====== Collected material

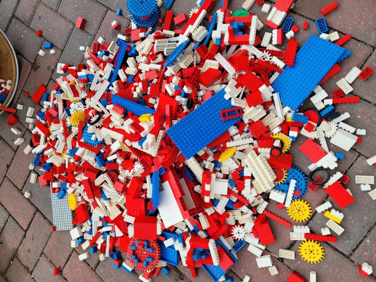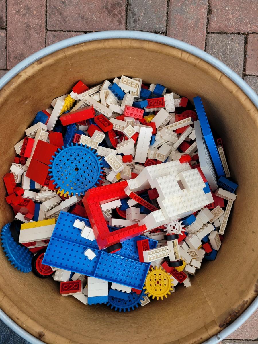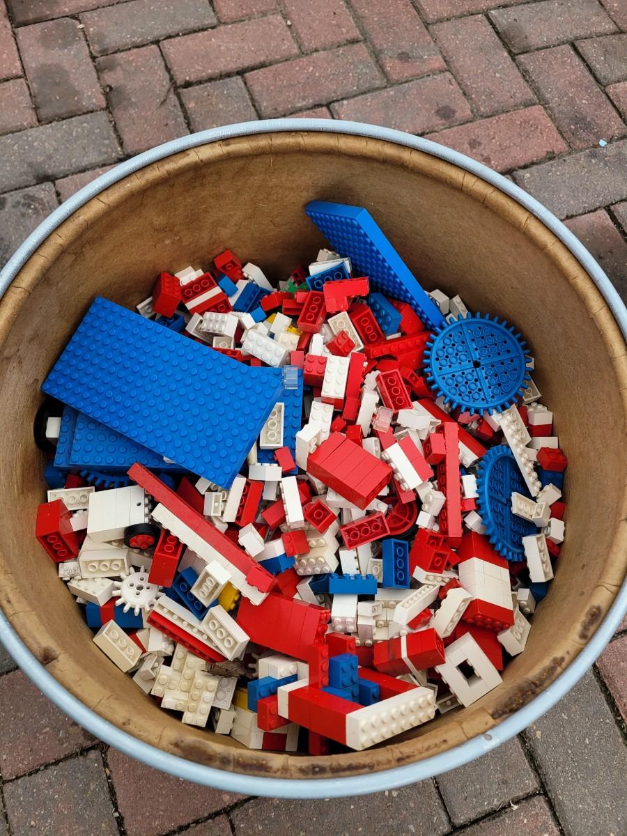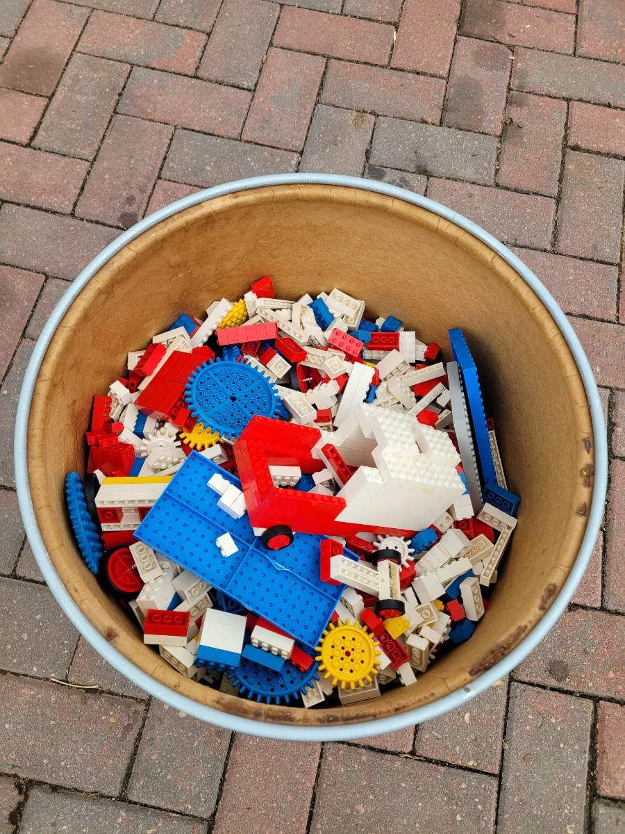 See the photos for the measurements of the barrel. Lots and lots and lots of Legos and a handy Barrel to put them in
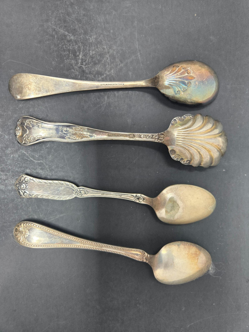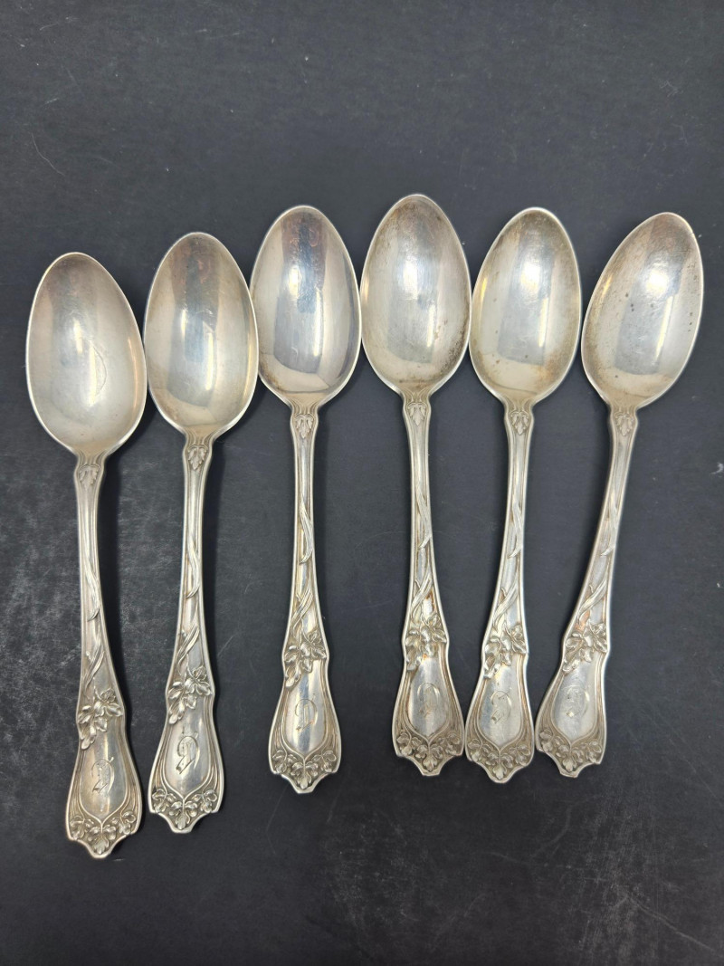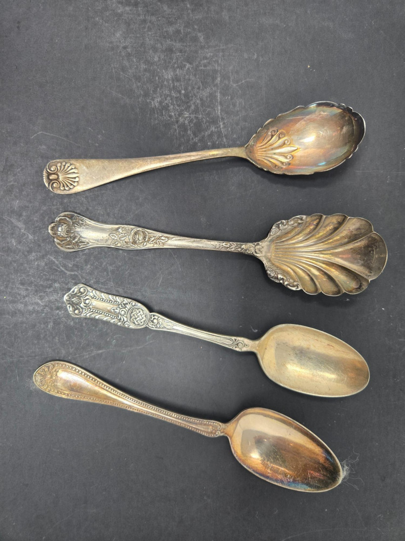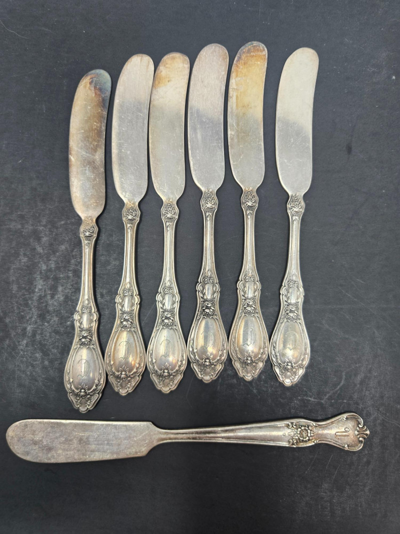 Collection of ornate stainless-steel flatware, likely vintage or antique.Overall Description
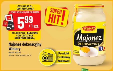 Majonez dekoracyjny Winiary Nestlé, 400 ml 100 ml – 1,50 zł lub 2,37 zł -36% OD 9,49 zł - CENY REGULARNEJ CENA Z APLIKACJĄ LUB POLOKARTĄ 5,99 /1 szt. -31% OD 8,79 zł - NAJNIŻSZEJ CENY Z OSTATNICH 30 DNI PRZED OBNIŻKĄ Majonez dekoracyjny Winiary od Nestlé w opakowaniu 400 ml dostępny jest teraz w wyjątkowej cenie 5,99 zł z aplikacją lub Polokartą POLOmarket, obniżonej z 9,49 zł. To oszczędność 36% względem ceny regularnej, a także 31% względem najniższej ceny z ostatnich 30 dni. Idealny do kanapek, sałatek i jako baza do sosów – skorzystaj z promocji w POLOmarket i zaopatrz się w sprawdzony majonez Winiary.
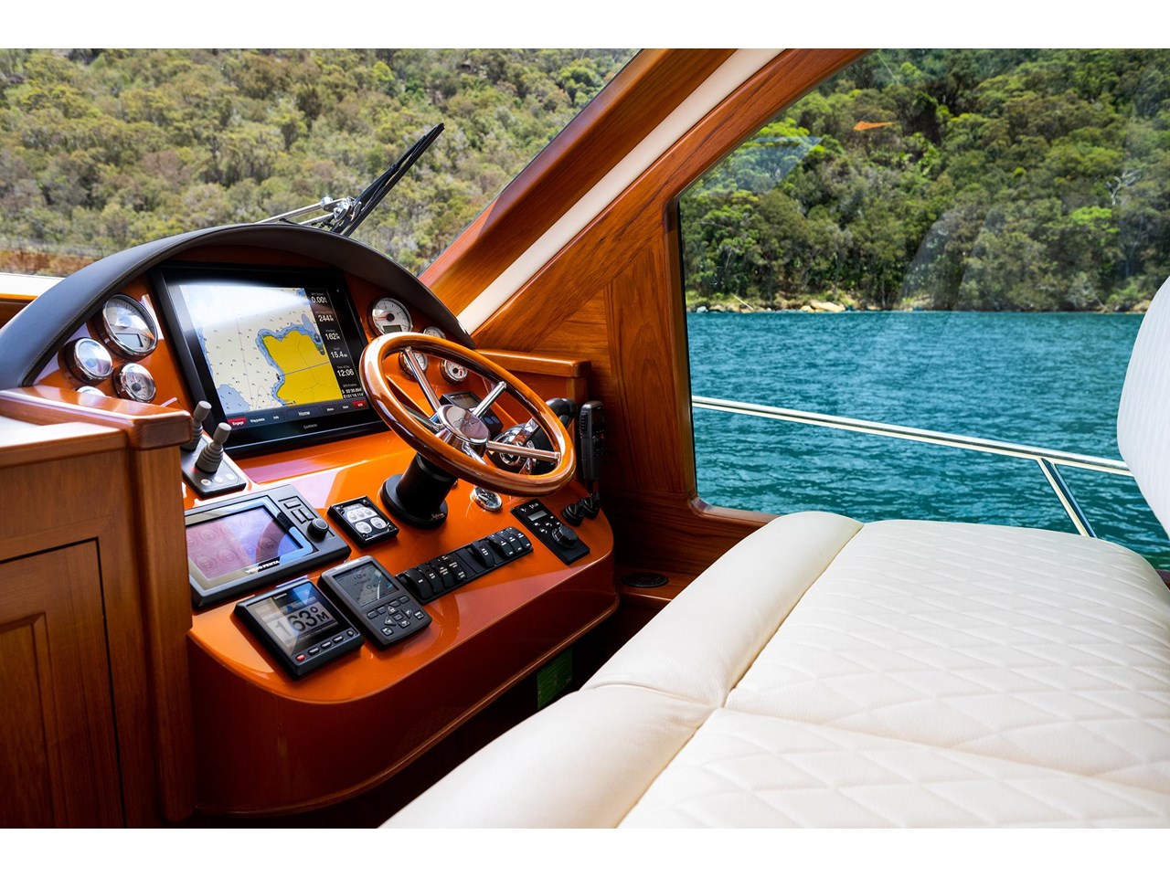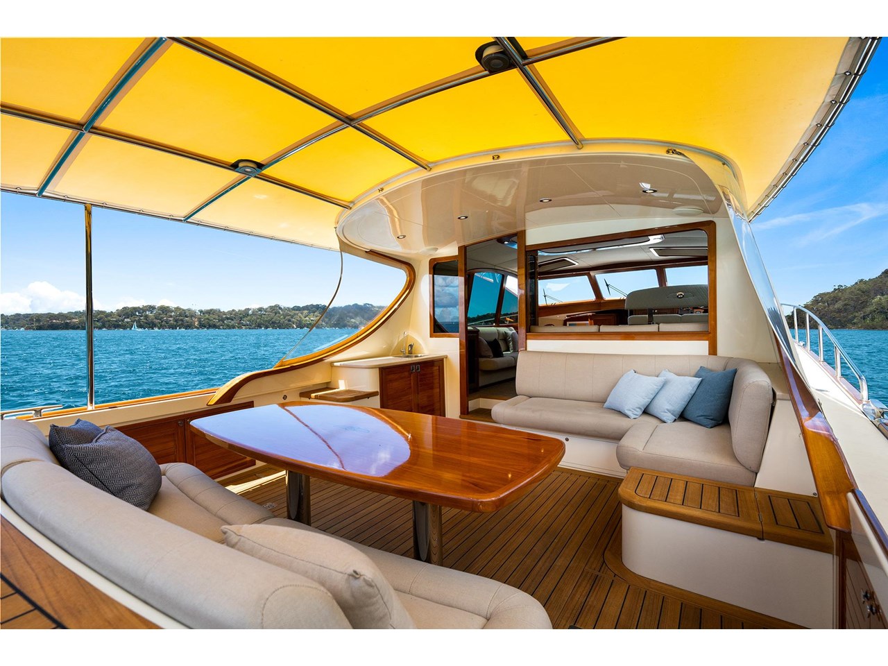 Alfresco comes stunningly tailored with a wide range of amenities for your day on the water. In addition, the previous owner has specified the beautiful teak and ash handmade flooring as a special feature, made to be durable for the years ahead.

============

▶ _Action item_
The material above is to be transcribed exactly, with all pictures omitted.

▶ _Response area_
 See the photos for the measurements of the barrel. Lots and lots and lots of Legos and a handy Barrel to put them in
 Collection of ornate stainless-steel flatware, likely vintage or antique.Overall Description
 Majonez dekoracyjny Winiary Nestlé, 400 ml 100 ml – 1,50 zł lub 2,37 zł -36% OD 9,49 zł - CENY REGULARNEJ CENA Z APLIKACJĄ LUB POLOKARTĄ 5,99 /1 szt. -31% OD 8,79 zł - NAJNIŻSZEJ CENY Z OSTATNICH 30 DNI PRZED OBNIŻKĄ Majonez dekoracyjny Winiary od Nestlé w opakowaniu 400 ml dostępny jest teraz w wyjątkowej cenie 5,99 zł z aplikacją lub Polokartą POLOmarket, obniżonej z 9,49 zł. To oszczędność 36% względem ceny regularnej, a także 31% względem najniższej ceny z ostatnich 30 dni. Idealny do kanapek, sałatek i jako baza do sosów – skorzystaj z promocji w POLOmarket i zaopatrz się w sprawdzony majonez Winiary.
 Alfresco comes stunningly tailored with a wide range of amenities for your day on the water. In addition, the previous owner has specified the beautiful teak and ash handmade flooring as a special feature, made to be durable for the years ahead.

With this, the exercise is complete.